Вдруг у господина Жакаля вырвалось восклицание.
Дело было в том, что в голову ему пришла одна идея, которую он не смог, несмотря на все самообладание, удержать при себе.
– А! – произнес он.
– Что еще? – спросил у него спутник.
Господин Жакаль решил воспользоваться своей неосторожностью.
– Мсье, – сказал он. – Голова моя занята одним очень важным делом. Вы ведь не хотите, чтобы столь приятная прогулка, на которую вы меня вывезли, имела неприятные последствия для некоего третьего лица? Представьте себе, мсье, что перед самым моим отъездом я приказал из предосторожности временно задержать одного замечательного молодого человека, которого собирался отпустить на свободу через два часа, то есть по возвращении из Сен-Клу. Поскольку я направлялся именно в Сен-Клу, когда вы соизволили несколько изменить мой маршрут. Так вот, с ним не случится ничего плохого, если я через час вернусь в префектуру полиции. Смогу ли я вернуться туда через час, мсье?

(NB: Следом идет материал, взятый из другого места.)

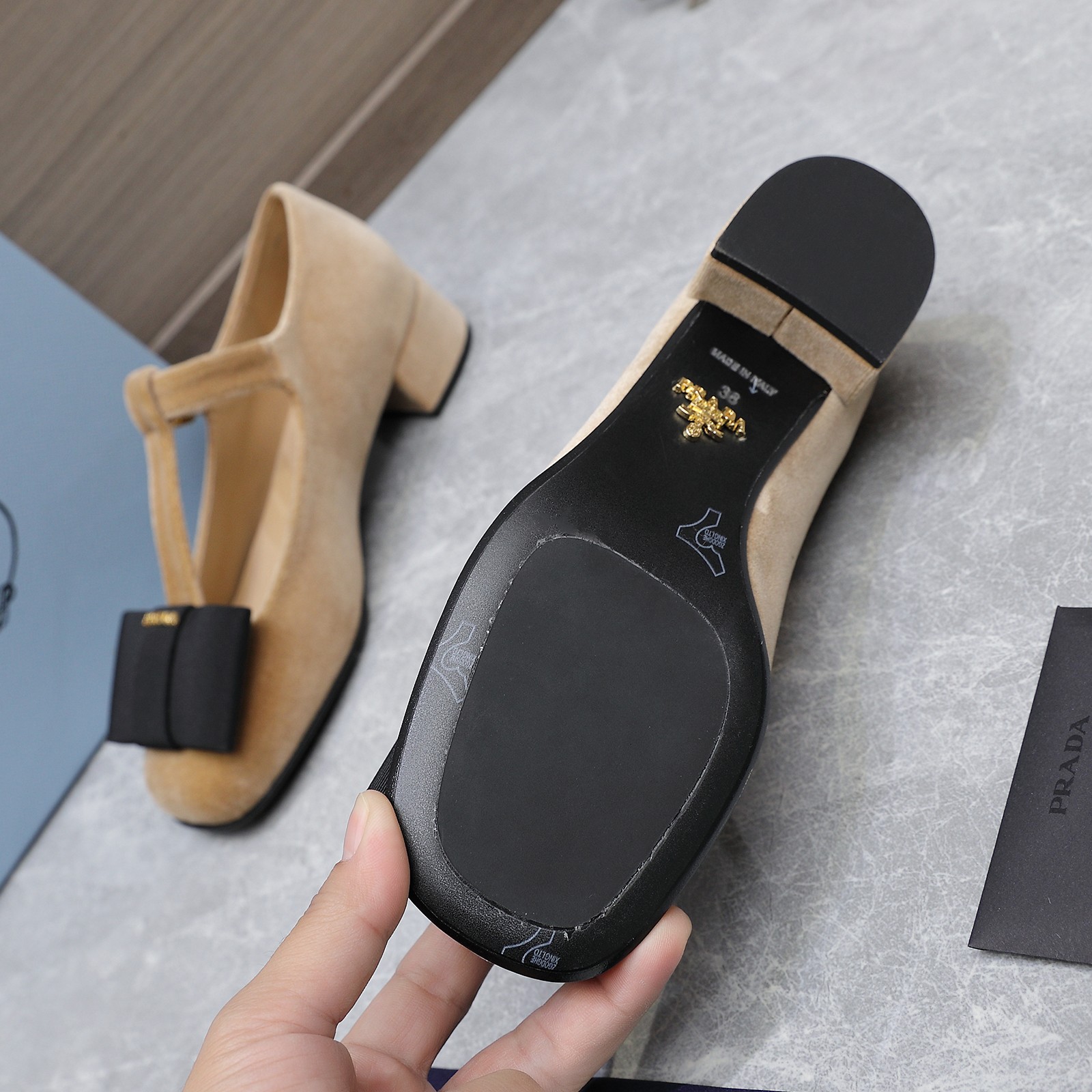 這款鞋子是AAAAA 1:1 質量(非常棒). 使用了和原版一模一樣的材料. 商標部分也保持了和普拉達/Prada一樣. 圖片拍攝是實物鞋子拍攝, 您所收到的實物保證和我們圖片一模一樣.

– Нет, – с обычной для него лаконичностью ответил незнакомец.
– Тогда это путешествие может иметь неприятные последствия для того, кого я безвинно продержу в заточения больше, чем мне бы этого хотелось. Позвольте, мсье, написать при вас приказ, который мой кучер доставит куда нужно и в котором я распоряжусь немедленно освободить мсье Сальватора.
Поставив имя нашего приятеля в самый конец фразы, господин Жакаль, как говорят в театре, усилил действие сказанного. И понял, что добился своего по тому, как невольно вздрогнул его спутник.
– Стоп! – крикнул тот кучеру. Вернее, тому, кто исполнял обязанности кучера.
Карета застыла как вкопанная.
– Нет ничего проще, – небрежно бросил господин Жакаль. – Я сейчас напишу при свете луны несколько строчек на листке моей записной книжки.
И, словно уже получив на то разрешение, господин Жакаль поднес было руку к повязке на глазах. Но спутник остановил его руку.
– Не надо проявлять инициативы, мсье. Здесь мы, а не вы решаем, как все должно происходить.
Закрыв окна, незнакомец тщательно задернул шторки из красного шелка, предназначавшиеся для того, чтобы никто не видел, что происходит в карете, и одновременно не дававшие возможности сидящим в карете видеть то, что происходит вне ее. После чего он достал из кармана маленький фонарик и зажег его с помощью фосфорной спички.
Господин Жакаль услышал потрескивание разгоревшейся спички и почуял терпкий запах фосфора, который проник в дыхательные пути.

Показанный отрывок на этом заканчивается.